I met DH at 21 and I moved into his flat at 23. We were both not particularly interested in being married but eventually eloped when we were 35. During that time we were living together I was financially vulnerable as I was paying the mortgage on the property and my name wasn't on the deeds and I hadn't done anything legal to protect myself. We were also both financially vulnerable if something happened to either of us as we hadn't written wills.
It all worked out ok for us still together after 28 years, but in hindsight getting married earlier would have been a better decision for both of us legally, even if it did end in divorce.
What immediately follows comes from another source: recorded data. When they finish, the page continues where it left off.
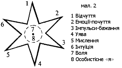 Друга карта-схема, яку Асаджіолі назвав "зіркою" (мал. 2), представляє наші психічні функції. Вона покликана прояснити інші сторони нашого внутрішнього світу, зокрема, відносини ряду психічних функцій з волею.
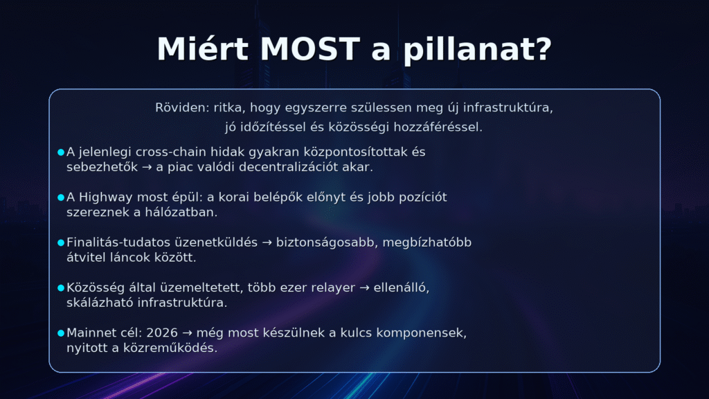 ⏳ Miért most? A jelenlegi blokklánc-átjárók veszélyesek és túl központosítottak A piac keresi a valódi megoldást A Highway épp most épül – és még a legelején csatlakozhatsz Ez olyan, mintha ott lettél volna a Bitcoin indulásakor – de most sokkal nagyobb eséllyel érted, hogy miről van szó.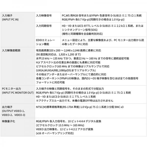 ◆ほとんどの入力解像度に対してリアルサンプルです(最大映像サンプル周波数165Msps)。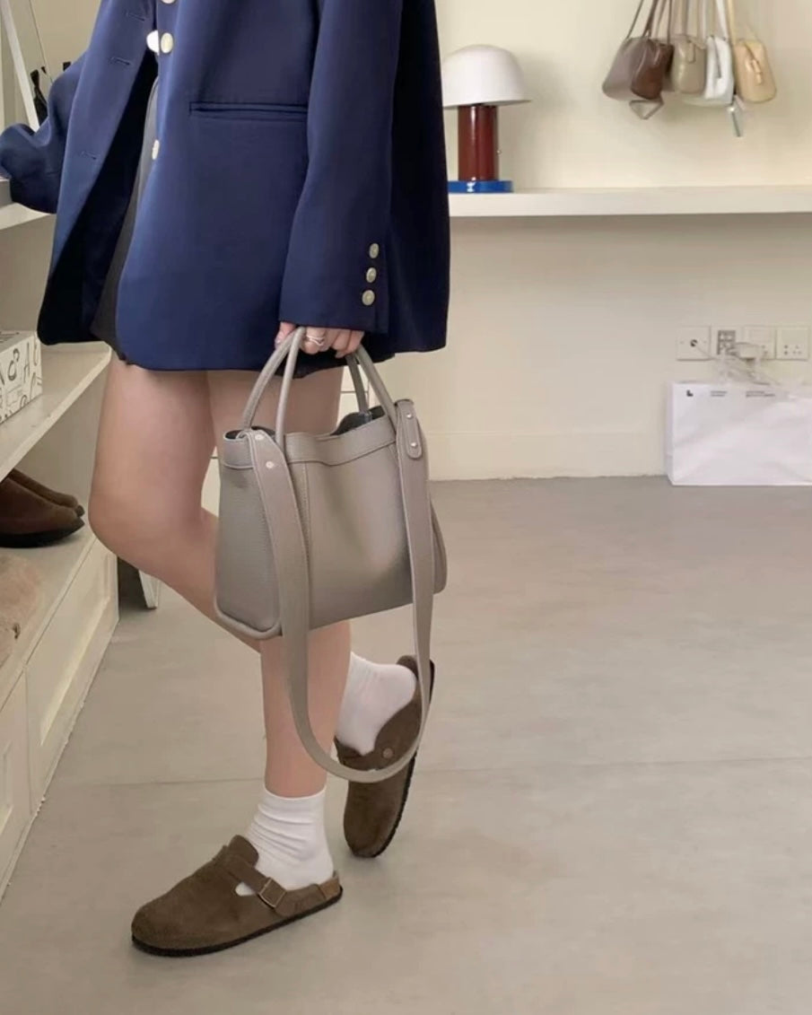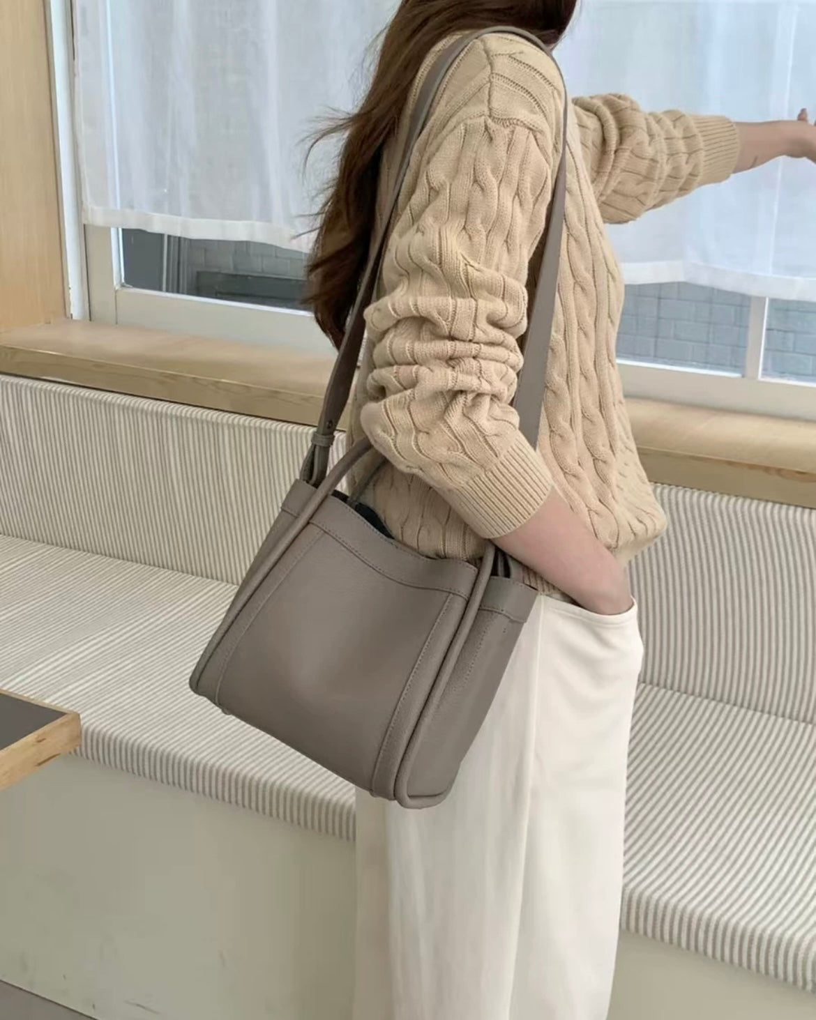 ワンカラーのシンプルなデザインと、大きすぎず小さすぎないサイズ感なので様々なスタイリングに合わせやすく、斜めがけでも邪魔になりません。

The concept of modern marriage is now flexible and different for everyone, you can say the vows you choose, which is a good thing. I do believe if you shouldn't make a commitment to be with someone unless you mean it, whether it is buying a home together or marriage you should endeavour to ride out the rough (obviously excluding any kind of abusive relationships) with the smooth and do your best to make it work, but if you try your best and it just isn't working out there is no shame in marrying young or more than once.
So if I was invited to either of OP's weddings I would think a wedding, I love weddings! and what can I wear!
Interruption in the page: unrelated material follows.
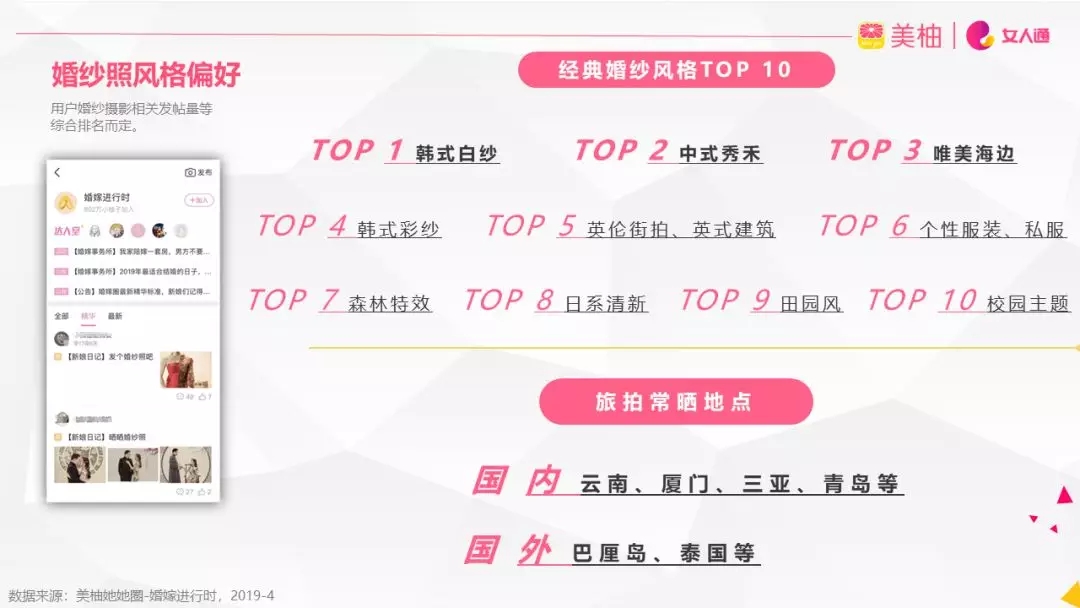 作为纯女性综合服务平台,美柚服务于超2亿女性用户。这些女性用户会在她她圈分享自己的婚嫁照,经过对她她圈-婚嫁进行时圈子中婚纱照帖子分析,她们对于韩式白纱及中式秀禾最为喜爱。

If they have made vows before and broke them by divorce then a second marriage is a little regardless of age. It makes a mockery of the vows.
Yellow, if the vows say to love, honour and cherish and your dh stops loving, honouring and cherishing you and is basically a moody nasty arse and there is no chance of him changing are you really going to stay until death us do part and make both of you miserable for the rest of your lives? You only get one life and in the modern world divorce and remarriage is no longer judged on the misplaced values of the 1950s.